_Problem to work on:_
Set down all of the data exactly. Pictures stay out of the copy.

_Data provided:_
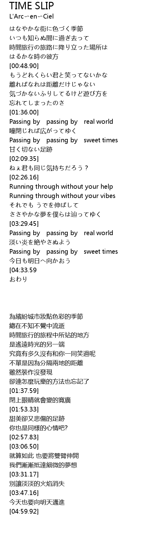 | [03:31.17] | Passing by passing by real world |
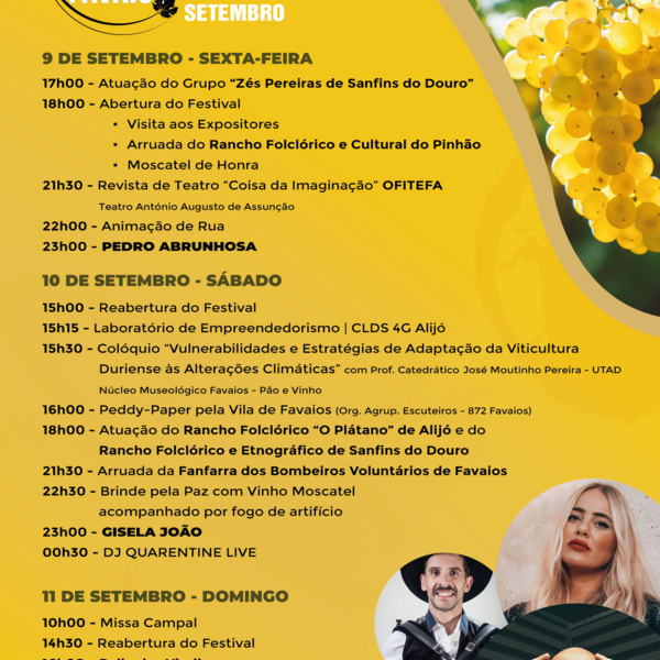 Em plena época de vindimas, o Festival Moscatel do Douro está de regresso à vila de Favaios, no Concelho de Alijó, de 9 a 11 de setembro. A animação do evento dedicado ao melhor Moscatel do País ...31 Agosto 2022 -
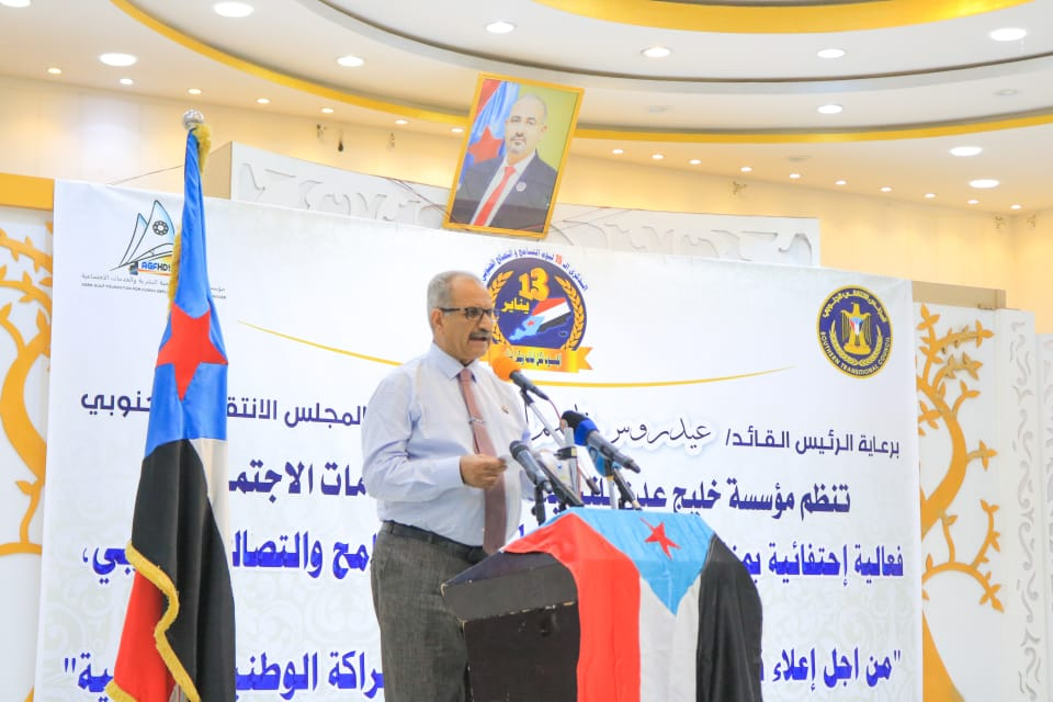 و ألقى الأستاذ فضل محمد حسين الجعدي، كلمة نقل في مستهلها تحيات الرئيس القائد عيدروس قاسم الزبيدي رئيس المجلس الانتقالي للحاضرين جمعياً، مؤكداً أن ذكرى التصالح والتسامح أكدت طي صفحة الماضي، وجسدت التوافق الوطني الجنوبي قولا وعملا، وأن الجنوب أسمى وأرفع من الأفراد والمكونات.
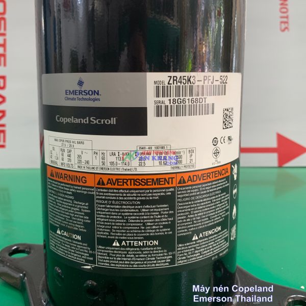 Công Ty AN KHANG chuyên cung cấp máy nén Copeland ZR45KC-TFD-522 Sau những nghiên cứu, cải tiến kỹ thuật không ngừng, Copeland đã thực hiện thành công việc thiết kế và chế tạo máy nén xoắn ốc ZR với số lượng lớn, chất lượng vượt trội mà giá thành rẻ.

_Answer:_
 | [03:31.17] | Passing by passing by real world |
 Em plena época de vindimas, o Festival Moscatel do Douro está de regresso à vila de Favaios, no Concelho de Alijó, de 9 a 11 de setembro. A animação do evento dedicado ao melhor Moscatel do País ...31 Agosto 2022 -
 و ألقى الأستاذ فضل محمد حسين الجعدي، كلمة نقل في مستهلها تحيات الرئيس القائد عيدروس قاسم الزبيدي رئيس المجلس الانتقالي للحاضرين جمعياً، مؤكداً أن ذكرى التصالح والتسامح أكدت طي صفحة الماضي، وجسدت التوافق الوطني الجنوبي قولا وعملا، وأن الجنوب أسمى وأرفع من الأفراد والمكونات.
 Công Ty AN KHANG chuyên cung cấp máy nén Copeland ZR45KC-TFD-522 Sau những nghiên cứu, cải tiến kỹ thuật không ngừng, Copeland đã thực hiện thành công việc thiết kế và chế tạo máy nén xoắn ốc ZR với số lượng lớn, chất lượng vượt trội mà giá thành rẻ.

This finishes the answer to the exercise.